Liberté d’expression : le double jeu de la France

Pour avoir fait une publication sur sa page Facebook, Dieudonné M’bala Mbala fait l’objet d’une poursuite judiciaire. C’est suite aux attentats terroristes qui ont visé la rédaction de « Charlie Hebdo » et l’Hyper Cacher de la porte de Vincennes. La justice française l’accuse de défendre le terrorisme et de tenir des propos contre les juifs. Dieudonné est poursuivi à cause de ses opinions dans un contexte où la France tout entière se mobilise pour défendre les libertés d’expression et d’opinion, qui sont d’ailleurs garanties par la loi du pays. Paradoxe !

En France, on ne peut pas tout dire ou du moins tout le monde ne peut pas exprimer librement ses opinions. Dieudonné M’bala M’bala l’artiste humoriste est dans le viseur de la justice française pour apologie du terrorisme et  de l’antisémitisme. Il est poursuivi pour ses propos tenus sur Facebook après la marche républicaine en soutien de Charlie Hebdo. Il a écrit : « Sachez que ce soir, en ce qui me concerne, je me sens Charlie Coulibaly », détournant le slogan « Je suis Charlie », en y associant le nom du djihadiste Amédy Coulibaly, auteur de la prise d’otage au cours de laquelle quatre juifs ont été tués à Paris. Il n’en fallait pas plus pour être accusé de tous les pêchers d’Israël,  dans une république, qui pourtant a ratifié les principaux instruments juridiques internationaux relatifs aux droits de l’Homme, qui consacrent la liberté d’opinion et d’expression.

L’article 19 du pacte international des Nations Unies stipule que la liberté d’expression comprend: « la liberté de rechercher, de recevoir et de répandre des informations et des idées de toute espèce sans considération de frontière». Au nom de ce pacte international, la condamnation de Dieudonné pose problème  puisque la France en est signataire. Rappelons que depuis 1789  la France a sacralisé les libertés d’expression à travers sa Déclaration des Droits de l’Homme et du Citoyen. Et les articles 10 et 11 de cette déclaration disent que : « Nul ne doit être inquiété pour ses opinions, même religieuses, pourvu que leur manifestation ne trouble pas l’ordre public établi par la loi. » (Article 10). « La libre communication des pensées et des opinions est un des droits les plus précieux de l’homme ; tout citoyen peut donc parler, écrire, imprimer librement, sauf à répondre de l’abus de cette liberté dans les cas déterminés par la loi. » (Article 11).

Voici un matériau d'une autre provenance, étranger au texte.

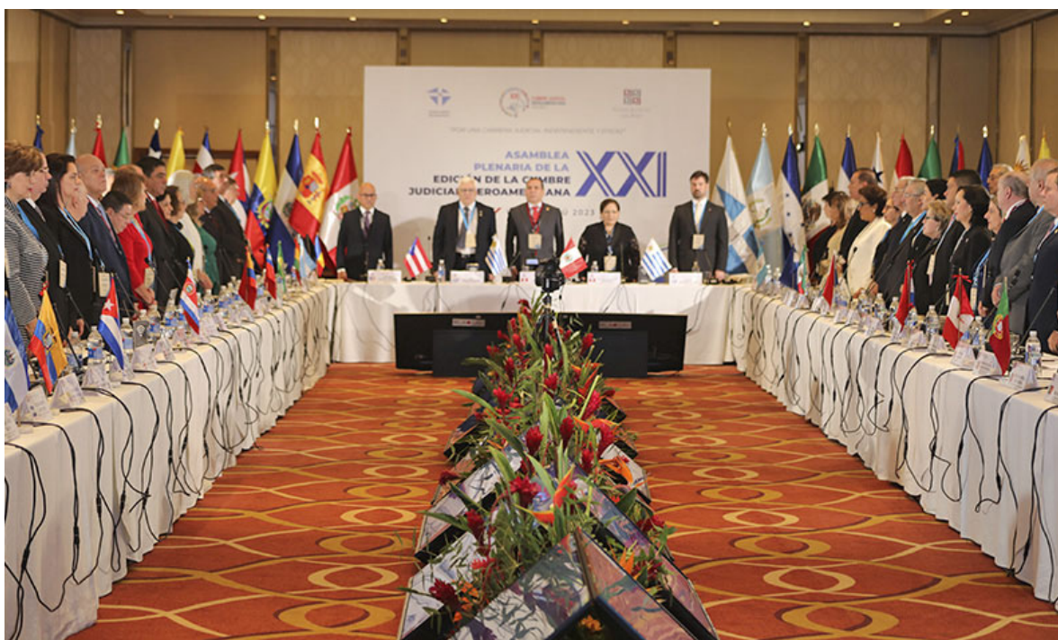
Asamblea Plenaria de la XXI Cumbre Judicial Iberoamericana. Lima, Perú, setiembre de 2023

La Cumbre Judicial Iberoamericana es una organización que articula la cooperación y concertación entre los Poderes Judiciales de los veintitrés países de la comunidad iberoamericana de naciones, aglutinando en un solo foro a las máximas instancias y órganos de gobierno de los sistemas judiciales iberoamericanos. Reúne en su seno a los Presidentes de las Cortes Supremas y Tribunales Supremos de Justicia y a los máximos responsables de los Consejos de la Judicatura iberoamericanos.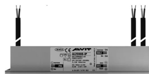
Fuente de alimentación 220/240 50/60 Hz 24 V 24 W IP67 DALI Cod: MID0021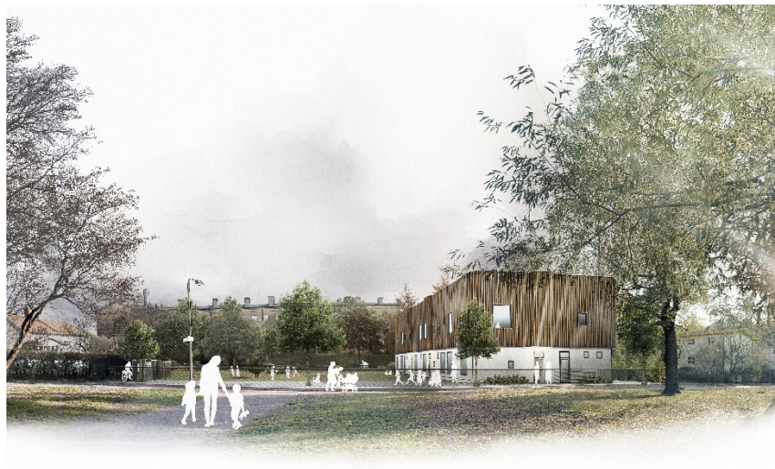
Möjlig utformning av nu förskolebyggnad i vy från Vårflodsparken. Illustration: Niras arkitekter

Samrådsförslaget bygger på att förskolan till sin storlek skiljer sig från kringliggande hus och av den anledning givits en egen utformning som tydligt skiljer sig från områdets egnahemsvillor med dess burspråk och allmogelistverk.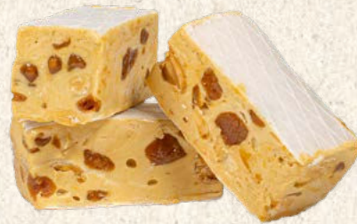
Nougat tendre caramel d'Isigny beurre salé 1 kg : Réf. 30012170

Il est vrai que ces deux derniers articles encadrent la liberté d’expression, donc  les arguments « de trouble à l’ordre publique » et « d’abus de liberté » peuvent être brandis pour écrouer l’artiste humoriste. Et si tel en est le cas, que doit-on dire de Charlie Hebdo dont les caricatures sur le prophète Mahomet de 2012 et de 2015 troublent « l’ordre international » ? La caricature de Mahomet par Charlie Hebdo en 2012 était intervenue suite à la sortie aux USA du film, « l’innocence des musulmans ». Ce film a provoqué des violences en Afrique, au Moyen Orient et en Europe.

L’Etat français  avec ses lois bien encadrées n’a pas pris en son temps, des mesures préventives pour empêcher le journal de jeter de l’huile sur le feu. Si Charlie a le droit de dessiner et de publier, pourquoi pas Dieudonné qui est un humoriste et qui fait la joie de milliers de spectateurs ?

C’est donc avec juste raison que ce dernier dit que «Les humoristes jouent avec les interdits et les tabous, ils ont leur place, comme la couverture de Charlie sur le Prophète a sa place […] Le rire, c’est aussi de s’émanciper de la pensée unique… ».